Что за сезон, что за страна, что за былое,
не говорю про будущее, у света
видимого? Он прореха в культурном слое —
ни у священника нет архива, ни у поэта.
От самолета до пешего хода — каскады
смыслов, воздушных ям, ценностей, рытвин.
Наша задача стон отличить от рулады:
что — изящной словесности, что — молитвам.
Или довериться тиканью крови? Птичке,
свищущей даром? Мелу, грифелю — стертым
с досок, бумаг? Прокарболенной электричке.
Миропорядку. Паспортизации. Ордам.
Роману на 75-летие
И звали тогда не так, как сейчас, этот город,
и то, как звали, не имя было, а псевдоним,
и не давали собрать его юношам кворум,
и весь он притворство. Кроме реки. И бог с ним.
Блокада и Ладога — сцилла его и харибда,
в нем то артобстрел, то ледоход, и понты, понты.
Кроме реки. Левиафанихи гнева и ритма.
А мы ее свита и корм.
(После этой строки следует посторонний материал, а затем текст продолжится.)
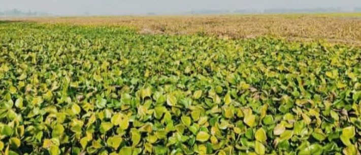 আল আমিন, নাটোর প্রতিনিধি :- মৎস্য ও শস্য ভান্ডার হিসেবে খ্যাত দেশের সর্ববৃহৎ চলনবিল অধ্যুষিত সিংড়া উপজেলায় একমাত্র প্রধান ফসল বোরো ধান। বন্যার পানিতে তলিয়ে থাকা এ উপজেলার বিস্তৃত ফসলের জমিগুলো জেগে উঠেছে। অতীতের হিসাব অনুযায়ী শস্য ভান্ডারের এই উপজেলার কৃষকদের বীজতলা তৈরি, বীজতলায় পানি সেচ কিংবা বোরো ধান রোপণের জন্য জমি প্রস্তুতে ব্যস্ত থাকার কথা। কিন্তু এ বছর দীর্ঘ এবং অসময়ের বন্যার কারণে ছোট বড় মাঠগুলোতে উজান থেকে ভেসে আসা অবাঞ্ছিত আগাছা ও কচুরিপানা কৃষি জমিতে জমে থাকার কারণে অনিশ্চিত হয়ে পড়েছে এই উপজেলার পাঁচ হাজার হেক্টর জমির বোরো ধান চাষ ও বীজতলা তৈরি। জমি প্রস্তুত তো দূরের কথা কচুরিপানা পরিষ্কারে দিশেহারা এই উপজেলার অনেক কৃষক। সরেজমিনে ঘুরে দেখা গেছে, উপজেলার তাজপুর ইউনিয়নের রাখালগাছা, বজরাহার, চৌগ্রাম সিংড়া পৌর এলাকার উত্তর ও দক্ষিণ দমদমা হিয়ালা বিল, ডাহিয়া,পাঁড়িল, কাউয়াটিকরি, বেড়াবাড়ি, গাড়াবাড়ি, সরিষাবাড়ী, সাঁতপুকুরিয়াসহ বিভিন্ন এলাকার জমিগুলোতে জমে আছে কচুরিপানা। সিংড়া উপজেলার ছোট বড় খালগুলো বর্ষার শুরু থেকে বাঁশের বানা দিয়ে বেড়া দেয়ার কারণে কচুরিপানার প্রতিবন্ধকতা সৃষ্টি করেছে। এ বছর কচুরিপানা ভয়াবহ আকার ধারণ করেছে। যেসব জমিতে হালকা কচুরিপানা রয়েছে সেগুলো পরিষ্কার করতে ৫ হাজার টাকা এবং বেশি কচুরিপানা জমে থাকা জমিগুলো পরিষ্কার করতে ১২ থেকে ১৫ হাজার টাকা ব্যয় হচ্ছে।তাই কৃষকরা ব্যয়ের কথা চিন্তা করে অনেকে এ বছর বোরো ধান চাষ থেকে মুখ ফিরিয়ে নিচ্ছে। উপজেলার হিয়ালা বিলের অন্তত ২০০ হেক্টর জমি এবার অনাবাদি থাকবে কচুরিপানার কারণে। ওই জমিগুলোতে যে পরিমাণ কচুরিপানা আটকে গেছে তা পরিষ্কার করা সম্ভব নয়। কচুরিপানা দ্রুত পরিষ্কার করার জন্য কৃষকরা জমিতে বিভিন্ন ধরনের কীটনাশক ও বিষ প্রয়োগ করছে এতে কোন ধরনের উপকার আসছে না শুধু অর্থের ব্যয় ছাড়া। উপজেলা কৃষি বিভাগ জানায়, এ বছর ৫ হাজার হেক্টর জমিতে কচুরিপানা জমে আছে। যা পরিষ্কার করতে জমি ভেদে ৫ থেকে ১০ হাজার টাকা অতিরিক্ত ব্যয় হচ্ছে। প্রতিবছর সিংড়া উপজেলার মাঠগুলোতে বর্ষাকালে যে পরিমাণ কচুরিপানা ও আগাছা জন্ম নিচ্ছে তা অব্যাহত থাকলে আগামী কয়েক বছরের মধ্যে পুরো বিল কচুরিপানা গ্রাস করে নেবে।

Кто мы? Ну я. Ну ты.
Кто ты? Встать к парапету, смоля самокрутку,
гуляка, компанию бросивший ромалэ,
ты к нам заглянул на минутку как будто в шутку,
со скрипкой в ключичной ямке, плюнув на реноме,
как раз под советскую власть, старушечий капор
пустого неба надвинувшую на все,
что видела. А в твоих глазах — табор, табор
цветной, поющий, пляшущий, гнущий свое.
Всего — три четверти, из них и со мной полвека
прошло, как последней романтики паладин
меж дон Хуаном, фон Моором и Алеко
ты ищешь себя, оказываясь всегда один.
Что сумраком, теснотой и духом казармы
припахивает, ты улавливал, бальный зал.
Не тем мы живы, что хороши, а что кустарны.
Ты ли мне это, я ли тебе сказал?
Слово
Хотелось-то бы сказать: как солнце! Но нет, как луна —
оно. С азимутом склоненья небесного меж
полуднем и кругом светила. Петля табуна
из прародительного в послепредложный падеж.
По делу-то, множественное единство числа
грибов и грибницы набило бы им глаз и рот,
не говоря уж телесность состав его разнесла
на мужеский, женственный и промежуточный род.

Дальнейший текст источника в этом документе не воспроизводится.